What is needed: Which lines run from the one with "Plus Tie Dye" through the end of the data? Retype them exactly, without pictures.

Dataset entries
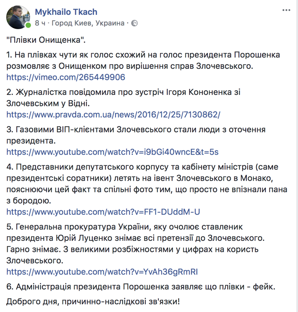 "Внимательно изучил контраргументы провластных пиарщиков по поводу скандала с пленками. "Записи" с голосом президента это фейк, говорят они. Год назад эти же люди рассказывали, что пленок вообще нет. А пленки с якобы с голосом Курченко и Саакашвили на экспертизу так никто и не отдал. Хотя все просили. Фигурант скандала, Саакашвили просил. Настаивал. А Порошенко молчит. Как и не было ничего. Я прошу. Берите пленку на экспертизу. Более того, хочу заявить, что готов предоставить НАБУ, или кто там смелый, оригинал записи для экспертизы. И устройство, что хотите. Всячески открыт к сотрудничеству по щепетильной теме", -пишет Онищенко.
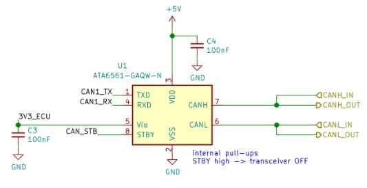 所有 ECU 均采用相同的 CAN-FD 物理层(PHY)设计,该设计基于一款简单的 CAN-FD 收发器 IC,并辅以旁路电容。该收发器从 5V 电源线(VDD)获取供电,但通信时使用 3.3V 电压(Vio)。
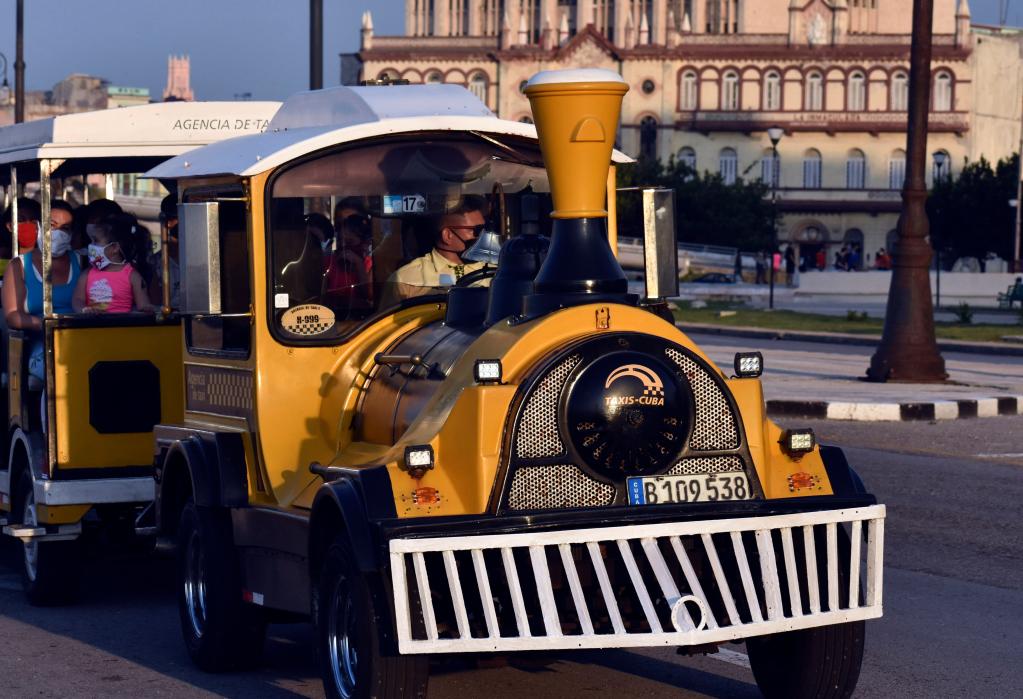 2020年7月4日,人们在古巴首都哈瓦那乘坐重新运行的观光车。(新华社记者朱婉君摄)
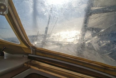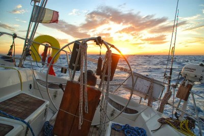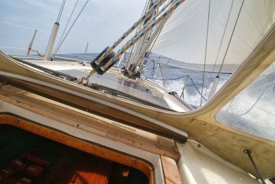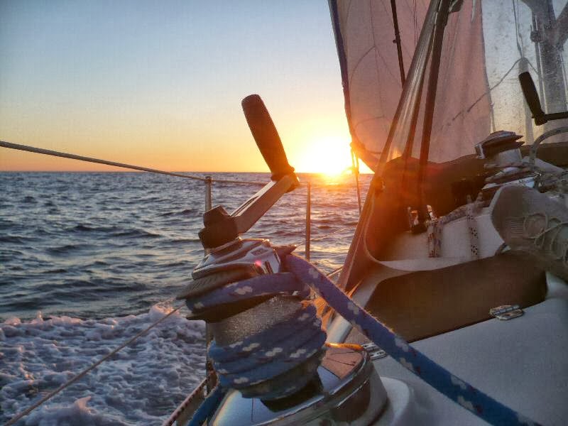 Quando sorge il sole, assistiamo ad un’alba strepitosa, uno spettacolo mozzafiato fatto di rosso, di azzurro, di nuvole, di cielo e mare, solo mare, nient’altro che mare attorno a noi, per 360 gradi all’orizzonte. Immortalo l’attimo, sia con la macchina fotografica che con gli occhi, questo secondo scatto proverò a recuperarlo mentalmente ogni volta che mi troverò in fila nel traffico quando sarò rientrato a Roma. Nel traffico? Dimentico che prima di partire, quattro mesi fa, ho venduto la macchina! Finito lo show di madre natura, accendo il motore per ricaricare un po’ le batterie e mi concentro sulla navigazione. Il vento è aumentato parecchio, è sui venticinque nodi, siamo di bolina anche se non stretta al massimo, ho ridotto ancora la randa e anche un po’ di genova, abbiamo un assetto ottimo e Piazza Grande galoppa favolosamente a sette nodi. L’onda è lunga, come si conviene all’alto mare, spero non sia l’araldo che annuncia la burrasca dato che i frangenti non sono molti. Questi, però, arrivano a metà mattinata, ogni tanto qualcuno giunge proprio a domicilio e se non siamo lesti a rannicchiarci sotto lo sprayhood la doccia è assicurata. Ciò accade quando si incrociano due onde, la prima alza la prua e la seconda la colpisce quando si sta riabbassando, è divertente guardare gli spruzzi d’acqua correre in orizzontale sulla coperta spinti dal vento, molto meno divertente vederne arrivare qualche propaggine dal tambuccio, cosa che avviene purtroppo un paio di volte, per fortuna poca roba. Dopo un paio d’ore mi persuado che più di così il mare non monterà, non che sia poco, ma mi pare una situazione stabile ed in linea con le previsioni scaricate il giorno prima. Di più aggiornate non ne abbiamo, almeno non dettagliate come i Grib. Piccola parentesi tecnica: i Grib sono dei file compressi che si scaricano molto velocemente da Internet e si visualizzano con un software apposito, l’intera operazione è completamente gratuita. Il limite dei Grib è che non tengono conto dei fenomeni locali, dell’orografia e quant’altro, ma per il mare aperto li ritengo molto affidabili, come ho potuto sperimentare più volte. Ovviamente, in assenza di segnale Internet è impossibile scaricarli, quindi arriveremo in Calabria con il file di due giorni prima.
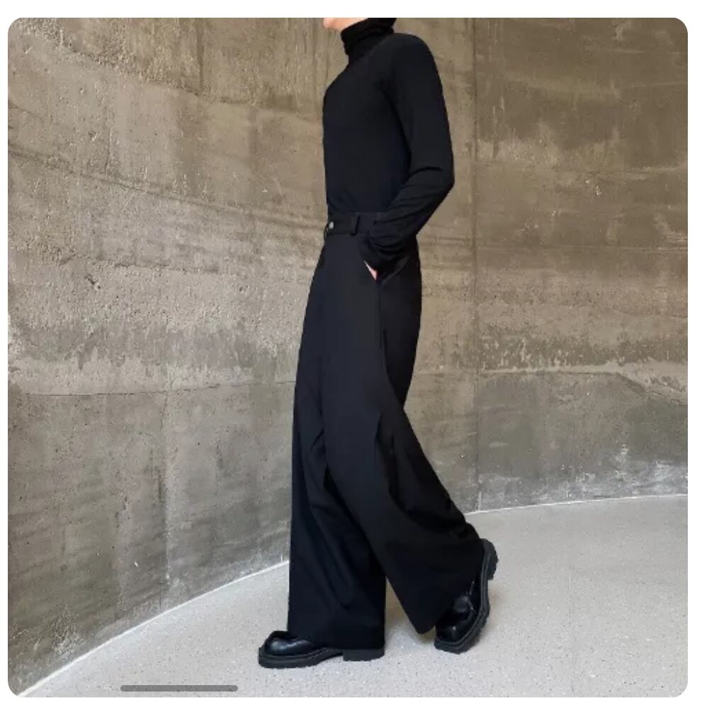 変形ワイドパンツ バギー スラックス ブラック シンプル ワイドレッグ ハイウエスト
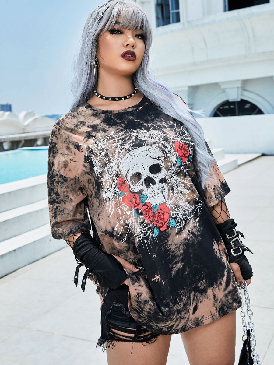 Plus Tie Dye Floral & Skull Print Drop Shoulder Tee
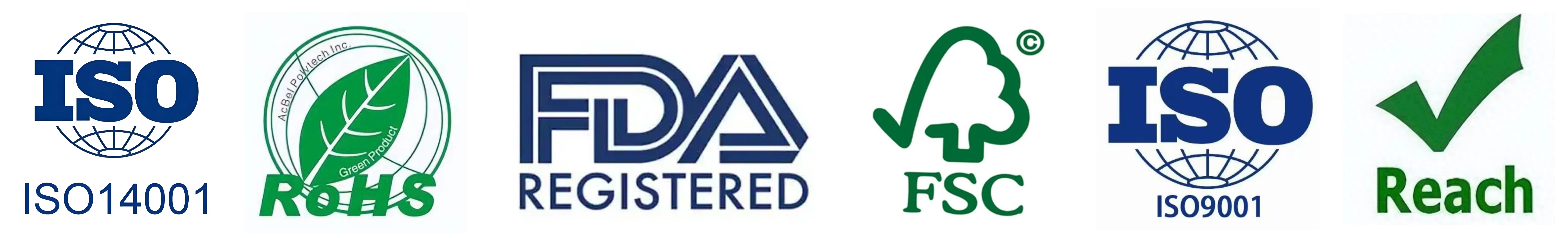 We offer FSC-certified paper, degradable plastics (PLA), recycled pulp and other environmentally friendly materials, which meet
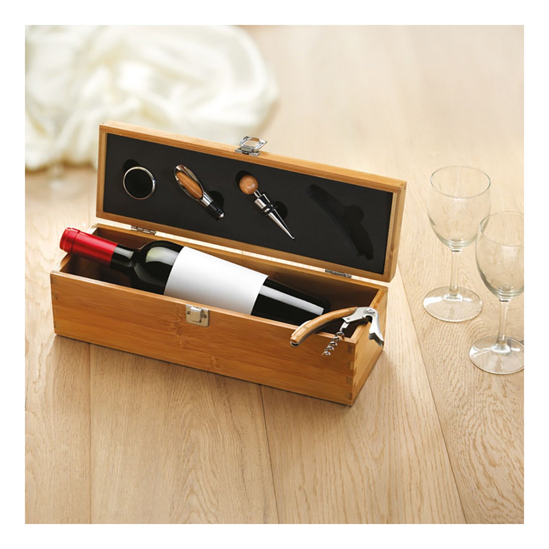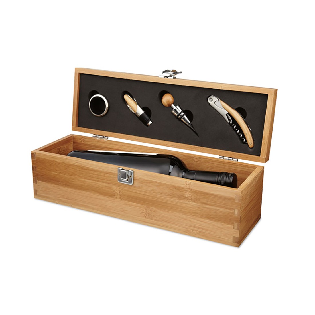 I nostri Set da Vino personalizzati con porta bottiglia sono realizzati con cura e venduti in una bellissima confezione in legno naturale.
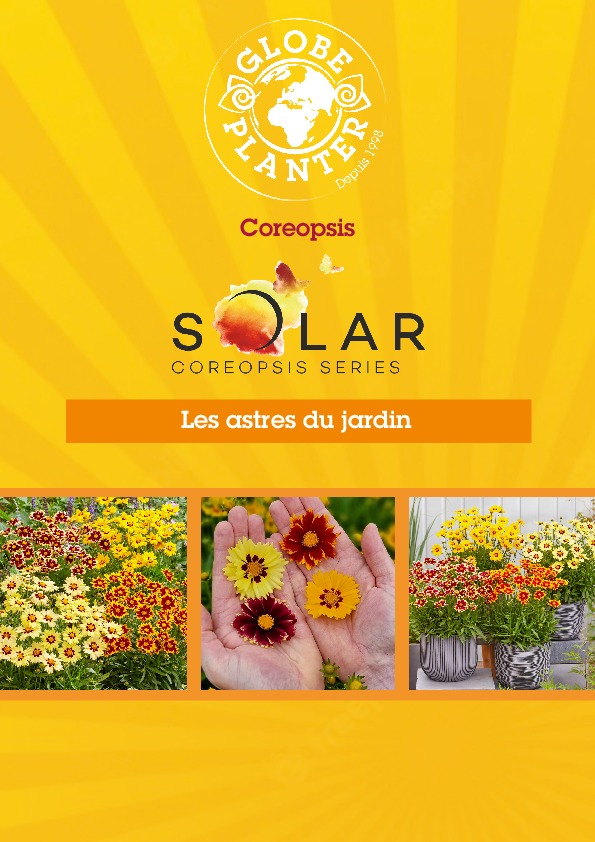 La série des coréopsis SOLAR® est une célébration du soleil au jardin. Ces vivaces remarquables arborent de grandes fleurs aux tons chauds, allant du jaune lumineux au rouge cramoisi, offrant une floraison remontante du début de l'été aux premières gelées. Leur résistance au mildiou et leur robustesse jusqu'à -20 °C font d'elles des compagnes durables. De plus, ces variétés mellifères invitent les pollinisateurs dans votre espace extérieur. Avec les coréopsis SOLAR®, profitez d'un soleil éternel au jardin !

Response to the task:
 Plus Tie Dye Floral & Skull Print Drop Shoulder Tee
 We offer FSC-certified paper, degradable plastics (PLA), recycled pulp and other environmentally friendly materials, which meet
 I nostri Set da Vino personalizzati con porta bottiglia sono realizzati con cura e venduti in una bellissima confezione in legno naturale.
 La série des coréopsis SOLAR® est une célébration du soleil au jardin. Ces vivaces remarquables arborent de grandes fleurs aux tons chauds, allant du jaune lumineux au rouge cramoisi, offrant une floraison remontante du début de l'été aux premières gelées. Leur résistance au mildiou et leur robustesse jusqu'à -20 °C font d'elles des compagnes durables. De plus, ces variétés mellifères invitent les pollinisateurs dans votre espace extérieur. Avec les coréopsis SOLAR®, profitez d'un soleil éternel au jardin !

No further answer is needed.